For most analyses, footprint alignments were assigned to specific A site nucleotides by using the position and total length of each alignment, calibrated from footprints at the beginning and the end of CDSes (Figures S1A and S1B) as previously described (Ingolia et al., 2009).

Footprint Profile Analysis

Profiles of ribosome footprints across a transcript were constructed by quantifying the number of footprints assigned to each nucleotide position. A set of well-expressed genes was selected based on median footprint density across the coding sequence, excluding the first 15 and last 5 codons due to the accumulation of ribosomes (Figures 1C and 1D). To construct metagene density profiles, individual gene profiles were scaled by their footprint density in the untreated control and all were averaged with equal weight.

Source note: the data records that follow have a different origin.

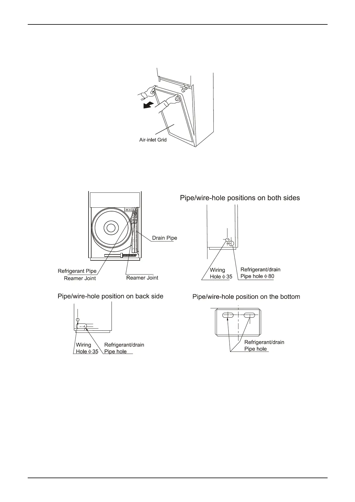 Please take off the air-inlet grid before connecting the pipes/wires.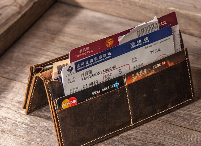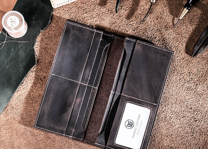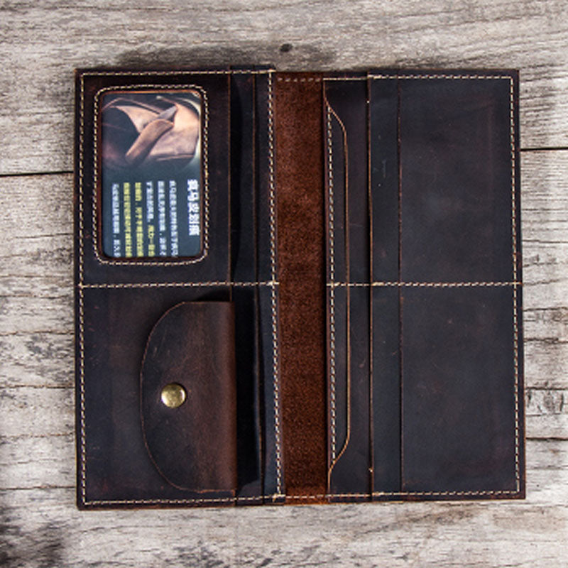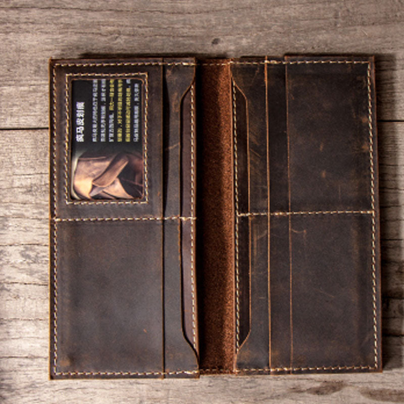 Design: Leather Long Wallets for men Bifold Vintage Men Long Wallet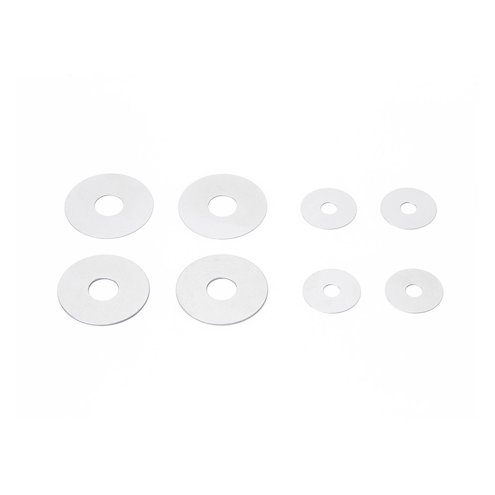 Le kit comprend 2 cales de 5 x 15 mm (d’épaisseurs 0,1 mm et 0,3 mm) ainsi que 4 cales de 2,6 x 9,5 mm, chacune d’une épaisseur de 0,1 mm.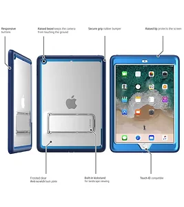 Protect your iPad 9.7 with this stylish clear case featuring a vibrant blue trim. Designed for durability and easy access to all ports and buttons, this case provides a perfect blend of functionality and aesthetics.
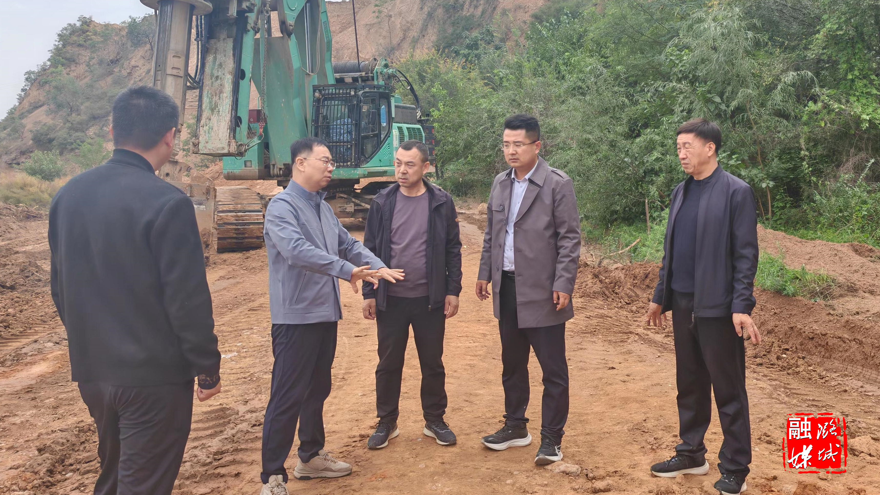 ▲区交通运输局负责人在旅游公路店辛线施工现场,就假期期间施工安全、进度、质量进行督导检查。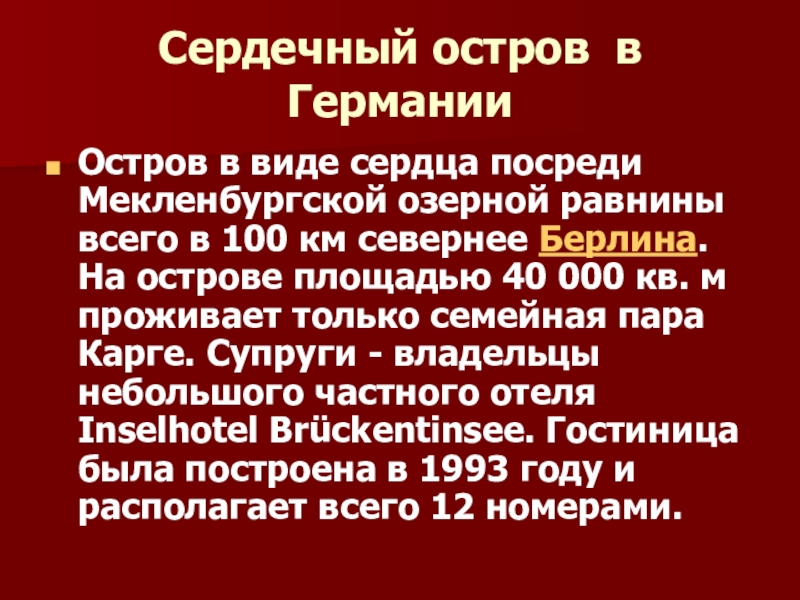 Слайд 20Herzinsel in Deutschland – сердечный остров в Германии

Harringtonine Depletion Profile Analysis

Metagene profiles from harringtonine run-off were further normalized by the median value over codons 800-1000, which appeared undepleted at harringtonine treatment times used in this study, and smoothed by averaging disjoint 5-codon windows. The extent of depletion was defined as the earliest codon position, beyond the first 40, that retained at least 50% of the full ribosome density. Subsets of genes for elongation rate analysis were: 1) lowest and highest quintile of tAI, computed according to dos Reis et al. (dos Reis et al., 2004); 2) lowest and highest quintile of ribosome footprint density; 3) short genes, 750-1000 codons, and long genes, over 1000 codons; 4) secreted proteins were identified using SignalP data from Ensembl.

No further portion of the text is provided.